◆ **Material provided**
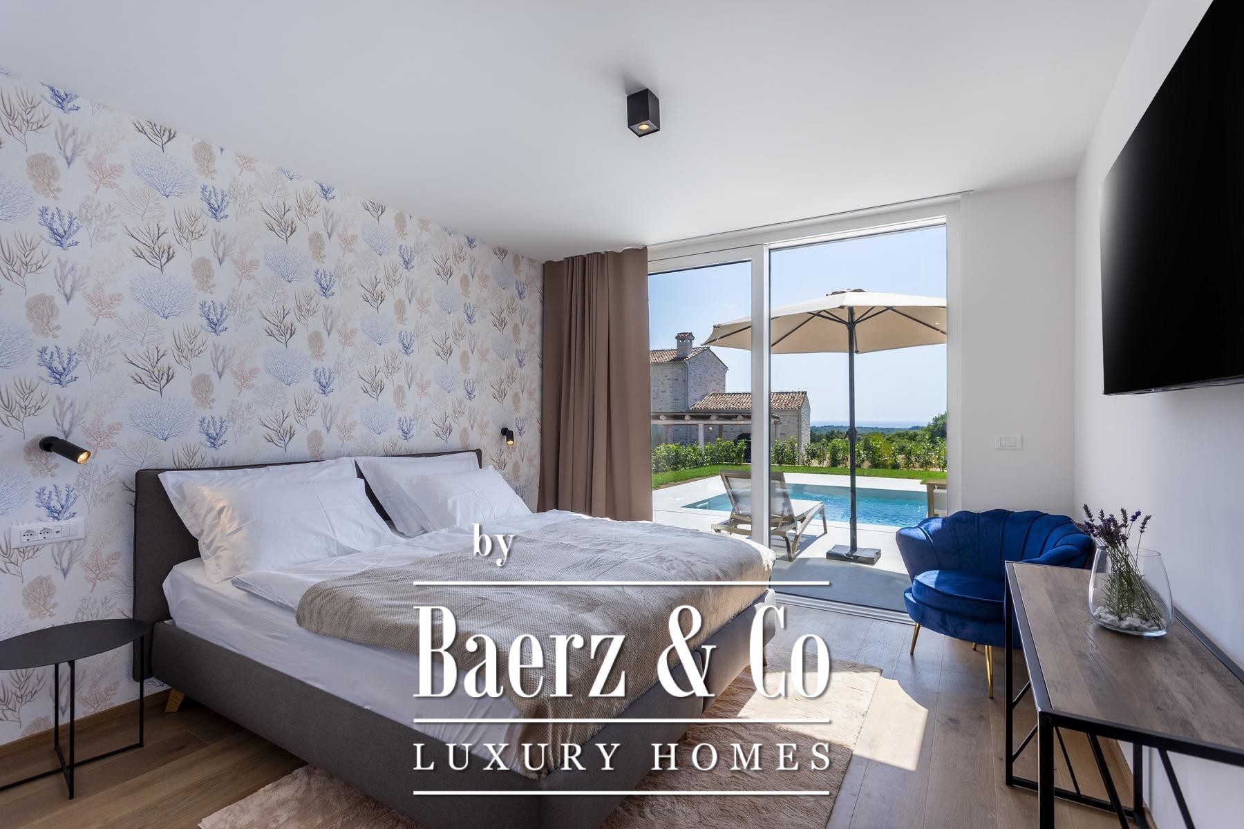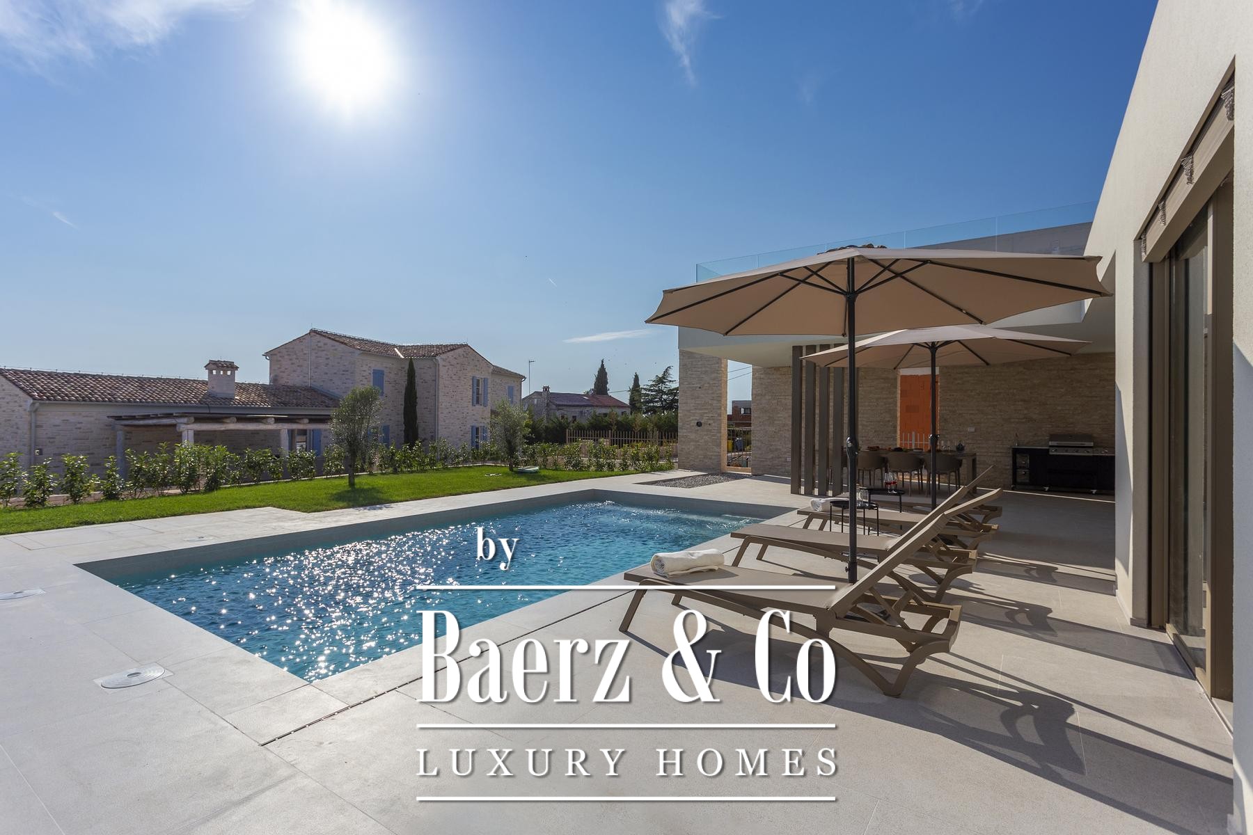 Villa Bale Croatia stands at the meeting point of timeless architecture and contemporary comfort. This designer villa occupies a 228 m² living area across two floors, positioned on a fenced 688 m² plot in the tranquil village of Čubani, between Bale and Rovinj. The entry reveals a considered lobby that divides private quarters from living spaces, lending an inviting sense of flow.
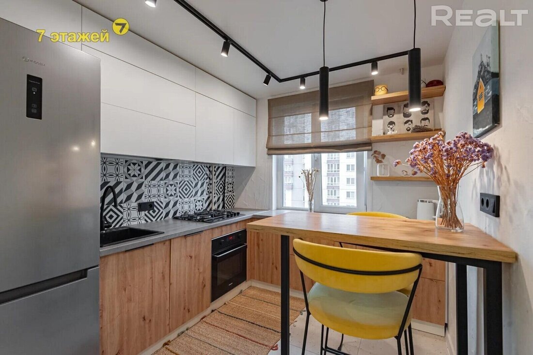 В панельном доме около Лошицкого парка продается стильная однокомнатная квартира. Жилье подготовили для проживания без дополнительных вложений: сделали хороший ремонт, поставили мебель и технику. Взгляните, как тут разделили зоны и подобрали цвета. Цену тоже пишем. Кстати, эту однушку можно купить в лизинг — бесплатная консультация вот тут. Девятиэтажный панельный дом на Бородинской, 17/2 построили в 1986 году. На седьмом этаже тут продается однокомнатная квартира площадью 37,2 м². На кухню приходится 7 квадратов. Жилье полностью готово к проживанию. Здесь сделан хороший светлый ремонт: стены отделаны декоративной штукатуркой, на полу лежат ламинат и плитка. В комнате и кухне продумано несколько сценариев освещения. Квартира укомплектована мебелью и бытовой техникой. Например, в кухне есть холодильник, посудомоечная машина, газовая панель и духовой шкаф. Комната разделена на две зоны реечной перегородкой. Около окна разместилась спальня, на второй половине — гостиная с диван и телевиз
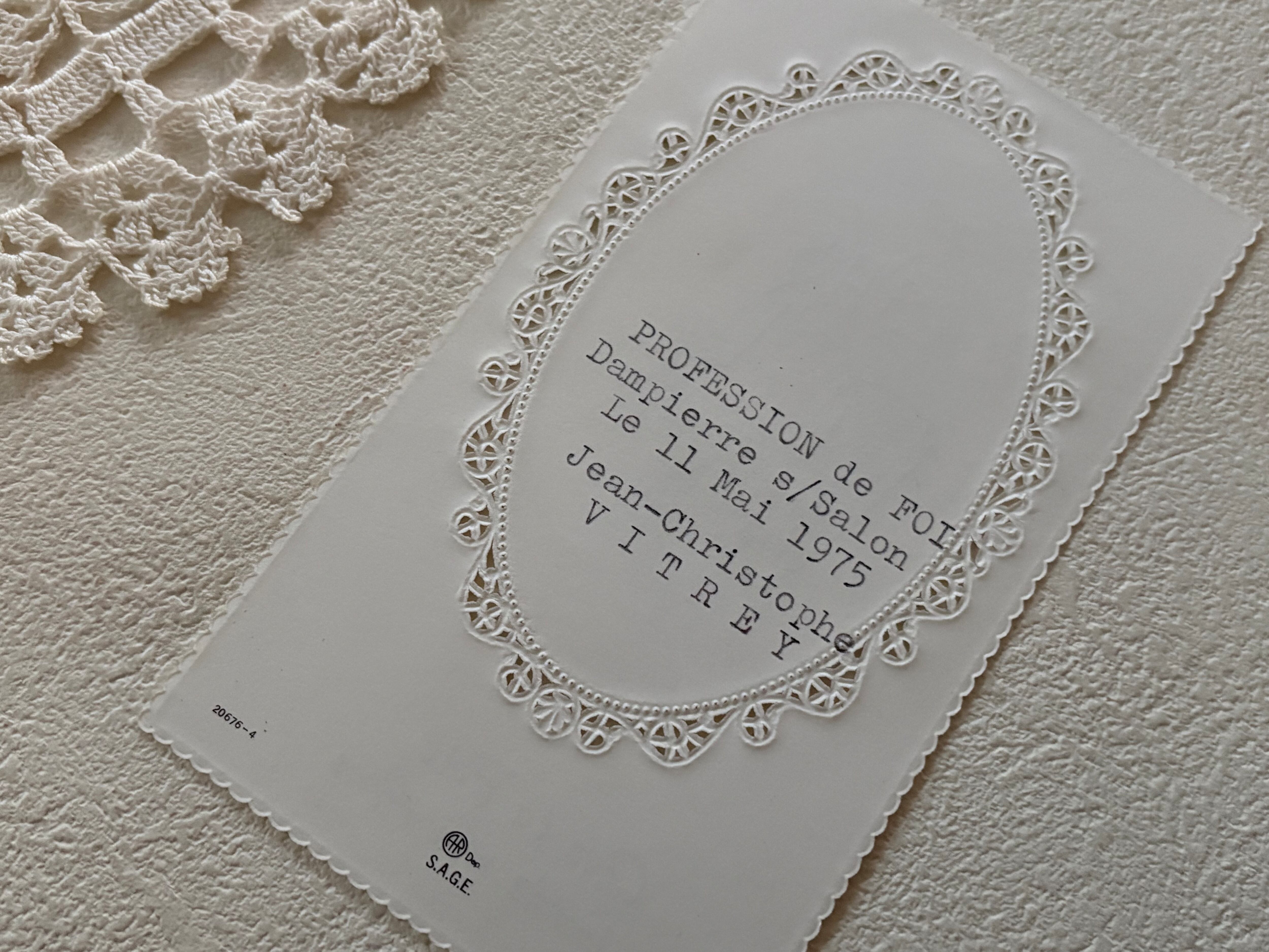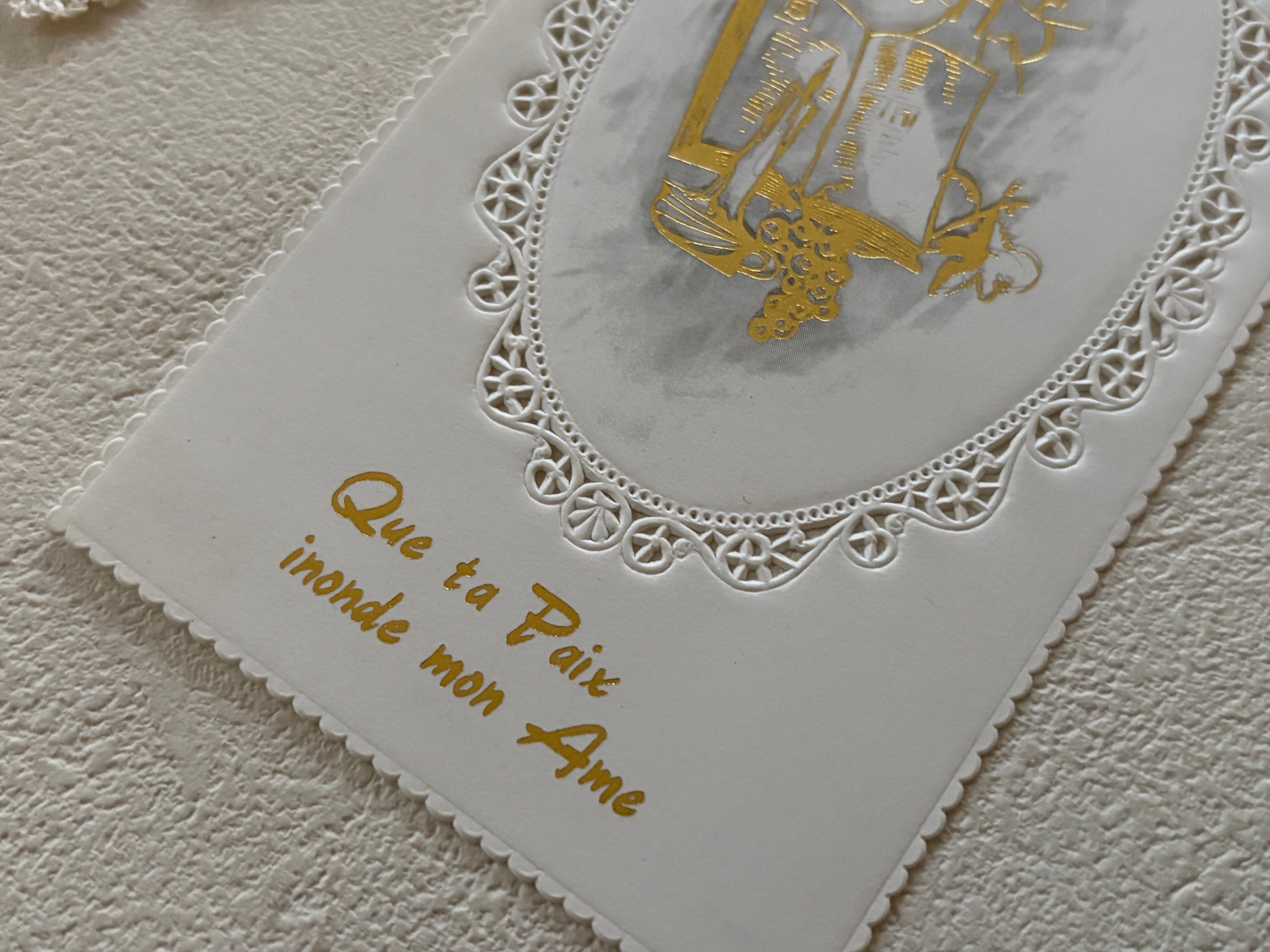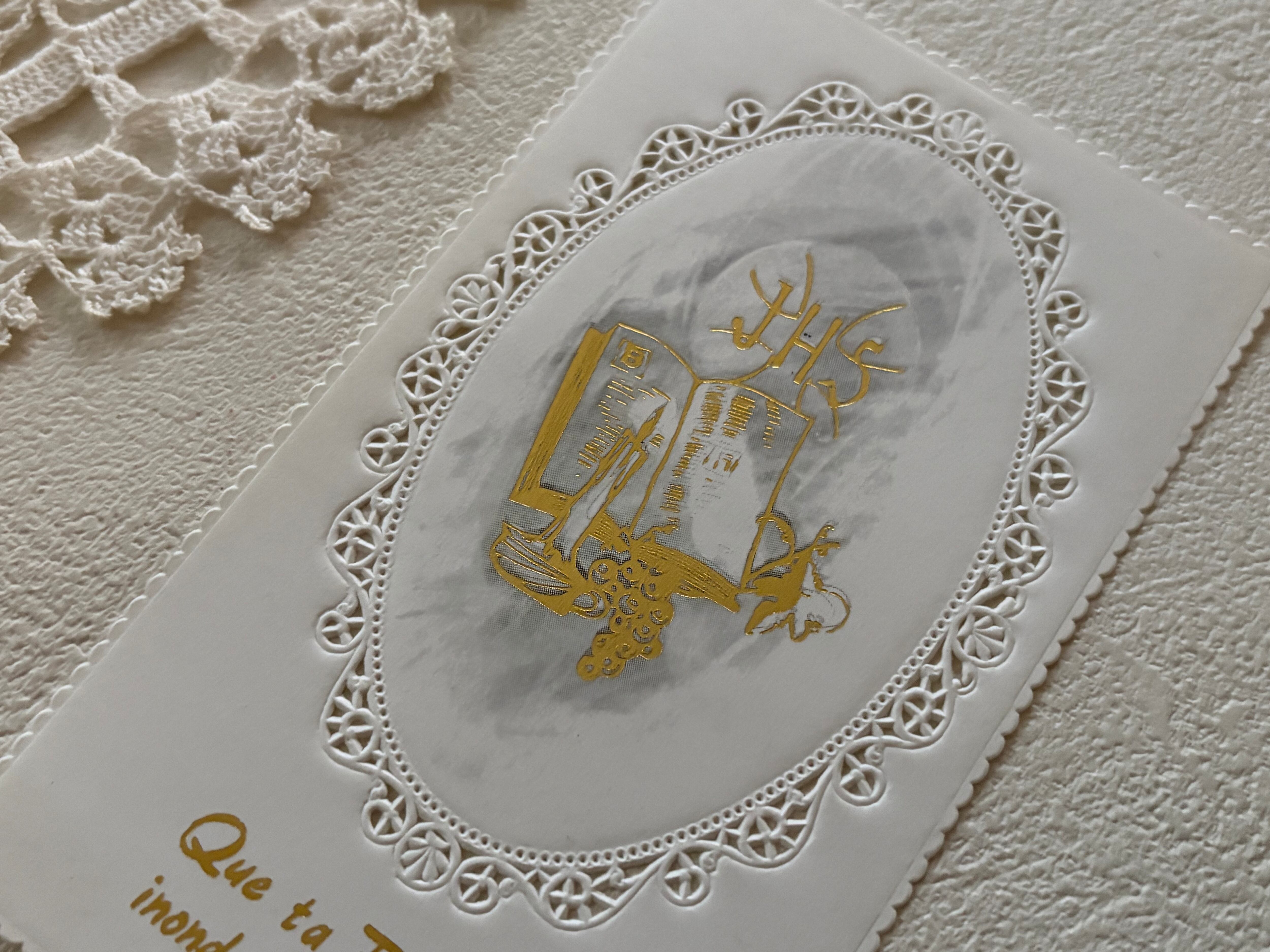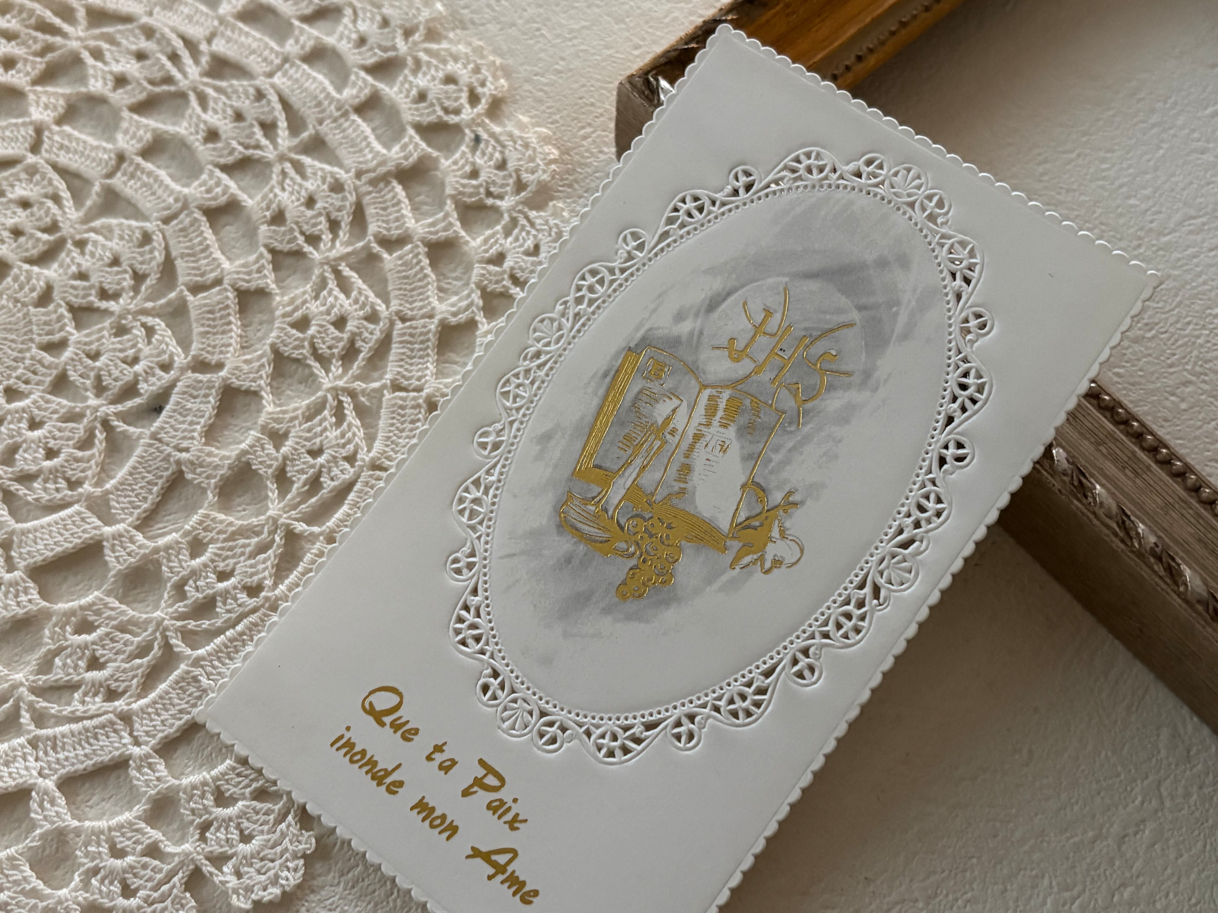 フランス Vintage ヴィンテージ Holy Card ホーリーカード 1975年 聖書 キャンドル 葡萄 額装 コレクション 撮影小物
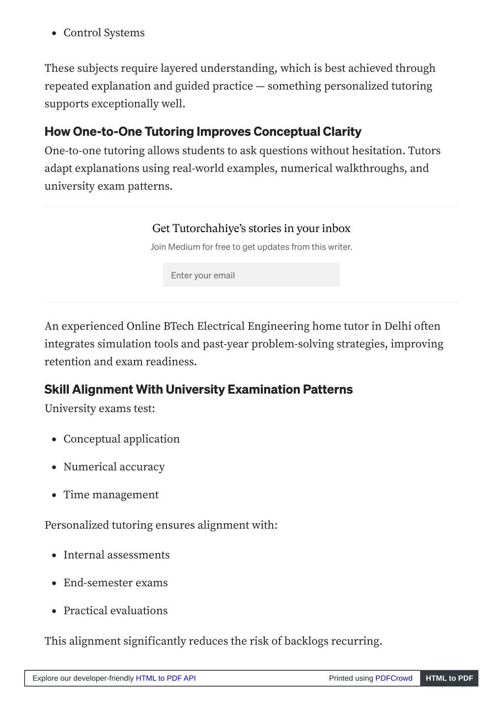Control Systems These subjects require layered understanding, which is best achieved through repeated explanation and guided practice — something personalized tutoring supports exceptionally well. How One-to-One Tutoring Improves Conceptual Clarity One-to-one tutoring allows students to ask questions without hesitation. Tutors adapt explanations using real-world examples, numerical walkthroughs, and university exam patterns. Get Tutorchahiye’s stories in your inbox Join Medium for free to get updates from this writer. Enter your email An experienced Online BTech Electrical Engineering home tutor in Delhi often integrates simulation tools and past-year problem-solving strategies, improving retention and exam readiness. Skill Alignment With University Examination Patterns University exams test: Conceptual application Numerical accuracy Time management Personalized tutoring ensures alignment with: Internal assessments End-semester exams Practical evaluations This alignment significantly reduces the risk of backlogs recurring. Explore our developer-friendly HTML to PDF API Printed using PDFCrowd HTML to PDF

◆ **Work order**
Whenever images occur above, omit them and retype each line exactly as it stands.

◆ **Output below**
 Villa Bale Croatia stands at the meeting point of timeless architecture and contemporary comfort. This designer villa occupies a 228 m² living area across two floors, positioned on a fenced 688 m² plot in the tranquil village of Čubani, between Bale and Rovinj. The entry reveals a considered lobby that divides private quarters from living spaces, lending an inviting sense of flow.
 В панельном доме около Лошицкого парка продается стильная однокомнатная квартира. Жилье подготовили для проживания без дополнительных вложений: сделали хороший ремонт, поставили мебель и технику. Взгляните, как тут разделили зоны и подобрали цвета. Цену тоже пишем. Кстати, эту однушку можно купить в лизинг — бесплатная консультация вот тут. Девятиэтажный панельный дом на Бородинской, 17/2 построили в 1986 году. На седьмом этаже тут продается однокомнатная квартира площадью 37,2 м². На кухню приходится 7 квадратов. Жилье полностью готово к проживанию. Здесь сделан хороший светлый ремонт: стены отделаны декоративной штукатуркой, на полу лежат ламинат и плитка. В комнате и кухне продумано несколько сценариев освещения. Квартира укомплектована мебелью и бытовой техникой. Например, в кухне есть холодильник, посудомоечная машина, газовая панель и духовой шкаф. Комната разделена на две зоны реечной перегородкой. Около окна разместилась спальня, на второй половине — гостиная с диван и телевиз
 フランス Vintage ヴィンテージ Holy Card ホーリーカード 1975年 聖書 キャンドル 葡萄 額装 コレクション 撮影小物
Control Systems These subjects require layered understanding, which is best achieved through repeated explanation and guided practice — something personalized tutoring supports exceptionally well. How One-to-One Tutoring Improves Conceptual Clarity One-to-one tutoring allows students to ask questions without hesitation. Tutors adapt explanations using real-world examples, numerical walkthroughs, and university exam patterns. Get Tutorchahiye’s stories in your inbox Join Medium for free to get updates from this writer. Enter your email An experienced Online BTech Electrical Engineering home tutor in Delhi often integrates simulation tools and past-year problem-solving strategies, improving retention and exam readiness. Skill Alignment With University Examination Patterns University exams test: Conceptual application Numerical accuracy Time management Personalized tutoring ensures alignment with: Internal assessments End-semester exams Practical evaluations This alignment significantly reduces the risk of backlogs recurring. Explore our developer-friendly HTML to PDF API Printed using PDFCrowd HTML to PDF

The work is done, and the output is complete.